In your opinion, what made Northcott the sadist he was? His mother
was horrible as well, but do you think that is enough to explain it?

I believe we can explain this story as a demonstration of the human capacity for evil. I believe that is ALL we need in order to explain it. We can talk about his mother’s influence and his father’s lack of it, but whatever seeds they planted in him fell onto willing soil. He took whatever evil they had inside themselves and ran it many miles farther down the road.

What did you think about the 2008 film Changeling? (Deals in part with the Wineville murders, focusing on a victim named Walter Collins and his mother’s quest to find him)

Very good but incomplete. The writers missed a real bet by not researching Sanford more deeply and reaching out to his surviving son. They fell for Hollywood’s fascination with murder and neglected the HEART of the story.

You’ve written about other incidents related to what we call “dark
history”, including the Boston Marathon bombing and the Robert Peernock
case. Are you planning on writing more in the true crime/dark history
genre?

It will have to be the right story, such as my NYT Bestseller Impossible Odds, about an American woman kidnapped by Somali pirates and held in the desert for 93 days before she was rescued by Seal Team 6.

Without an uplifting element to the story, these books are too difficult to write. The very empathy you must employ to write well becomes the beast that bites you when you try to sleep.

flacco book 2

Where can people keep up with your work?

The website is www.AnthonyFlacco.com , and of course I invite people to join me on Facebook.

Anything you would like to add that I didn’t ask about?

Yes. One of Sanford’ survival tricks was to escape into the tall stack of pulp novels he brought with him to the chicken ranch. His love of those books, and their power to transport him, was something I heavily identified with in writing out that part of the story. The passages on “Young Wild West” were among my favorites to write.
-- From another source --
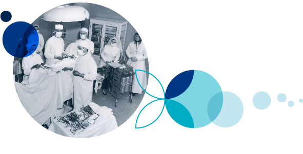 Photo Sœur Sainte-Marie-Paul (Antoinette) Grenier, infirmière, à la salle d’opération no 1 durant une thyroïdectomie, 1949 – L059-DI/Ba01,09.38, Fonds d’archives de la Maison généralice des Sœurs de la Charité de Québec.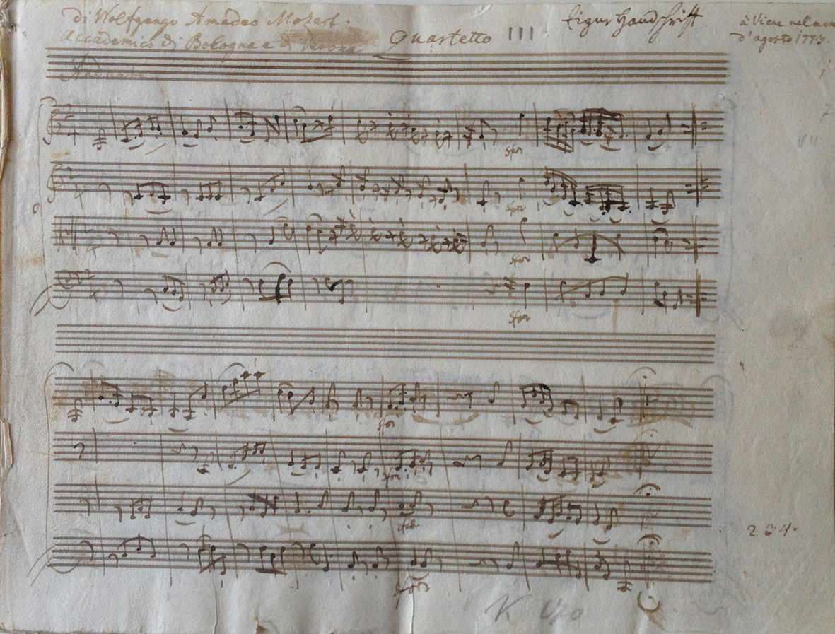 Today, I want to go into only one rather more external aspect of these quartets, namely, a small, but insightful inscription at the head of the autograph score for the C-major Quartet K. 170. This autograph was, incidentally, the only one that I was unable to examine in the original for my critical report in 1989. Meanwhile, this has also become available, that is, in the fantastic Paul Sacher Stiftung in Basel. Here, as a little service (only for my blog readers) is the overview of the Mozart autographs for these six string quartets, together with the link to their digital copies (as applicable):

And, finally, my usual question to all my interviewees: what are your favorite books, films and albums?

Top three authors instead? I have loved the work of John Steinbeck for many years, also the prose fiction of Dean Koontz. In nonfiction, I love the writing and the attitude of Camille Paglia.

Among my favorite movies are, “Little Shop of Horrors,” which I think is the best musical ever filmed, “The Princess Bride,” a perfect romantic comedy, and most recently, the film “1917,” which is not only a great combat film but shows some of the best cinematography in any film.

Reading books has definitely made me a better person, and I don’t doubt this is also true with everyone in your audience who reads.